We repeat it here as it is a common mistake.
This advice is appliable also to writing callbacks, and more generally to all Julia code.
### Don't write:
```julia
data = ...
m = Chain(Dense(784, 32, σ), Dense(32, 10), softmax)
loss(x, y) = Flux.mse(m(x), y)
Flux.train!(loss, Flux.params(m), data, Descent(0.1))
```
In this bad code, the model `m` is a non-constant global.
It is being used inside the function `loss`, which is one of the most performance critical parts of this code.
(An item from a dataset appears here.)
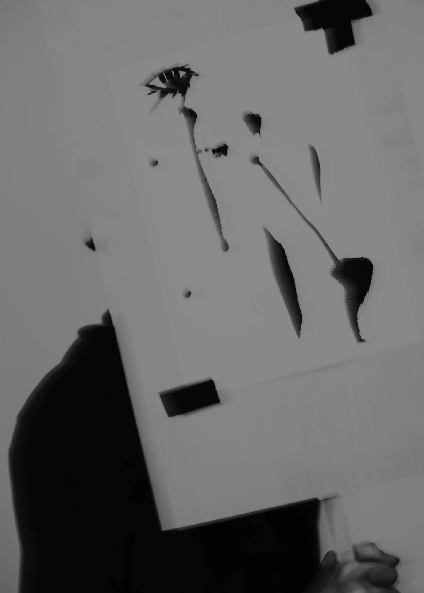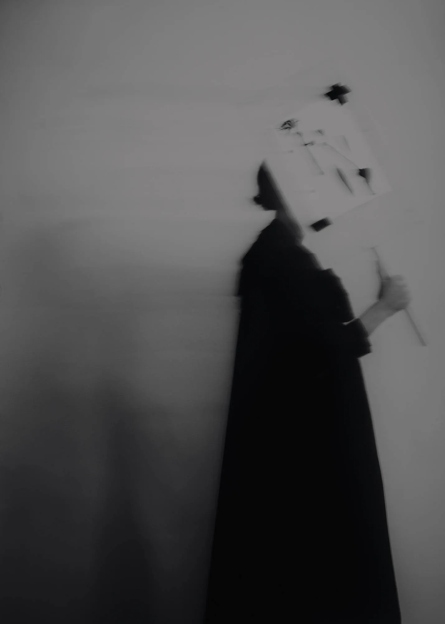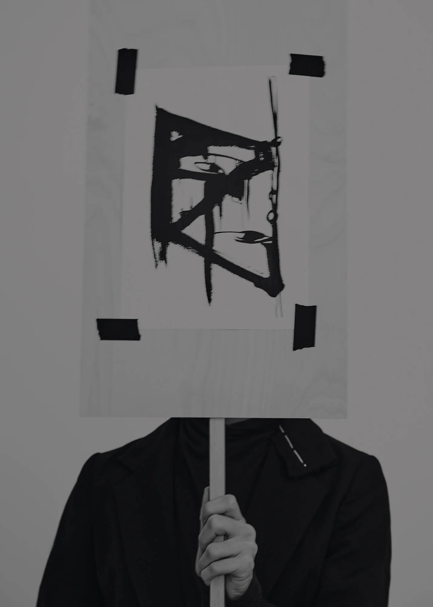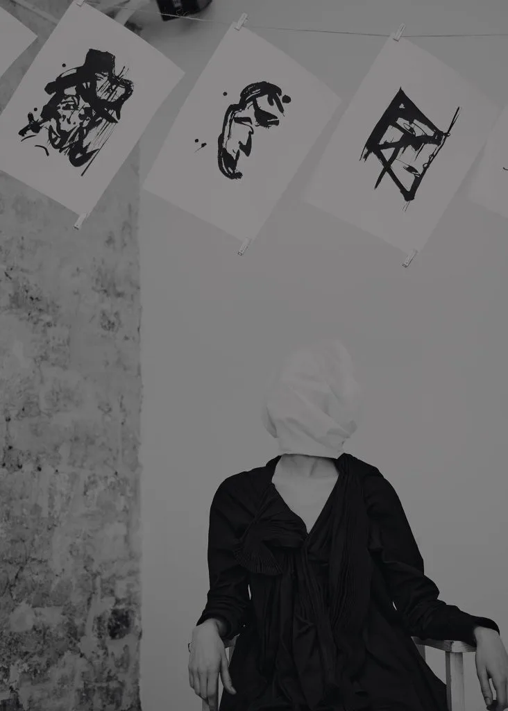 En su serie experimental « Facial Reaction Occurring », Mai Yoshida cuestiona la relación entre rostro, emoción e identidad. Los modelos, envueltos en tejidos negros fluidos, se vuelven anónimos. Sus “rostros”, reducidos a dibujos fijados en palos, evocan máscaras intercambiables. Las emociones, representadas como accesorios, invitan a preguntarse: ¿son auténticas o se interpretan como un papel?

It will be slow, as the compiler can't rely on `m` always being the same type -- it is a mutable global, it could change at any time.
### Correct alternatives:
#### Mark the model `const`
```julia
data = ...
const m = Chain(Dense(784, 32, σ), Dense(32, 10), softmax)
loss(x, y) = Flux.mse(m(x), y)
Flux.train!(loss, Flux.params(m), data, Descent(0.1))
```
Similarly anything else that is a non-constant global that is used in functions should also be made constant
#### Put everything in a main function:
For more flexibility, you could even make this take `m` as a argument -- it doesn't matter of `m` was originally declared as a non-const global once it has been passed in as a argument because it then becomes a local variable.
```julia
function main(data)
m = Chain(Dense(784, 32, σ), Dense(32, 10), softmax)
loss(x, y) = Flux.mse(m(x), y)
Flux.train!(loss, Flux.params(m), data, Descent(0.1))
end
```
#### Make the loss function actually close over `m`.
Closures can be very useful.
```julia
data = ...
m = Chain(Dense(784, 32, σ), Dense(32, 10), softmax)
get_loss_function(mdl) = (x, y) -> Flux.mse(mdl(x), y)
Flux.train!(get_loss_function(m), Flux.params(m), data, Descent(0.1))
```
This example is particularly applicable to callbacks.
## Don't use more precision than you need
Flux works great with all kinds of number types.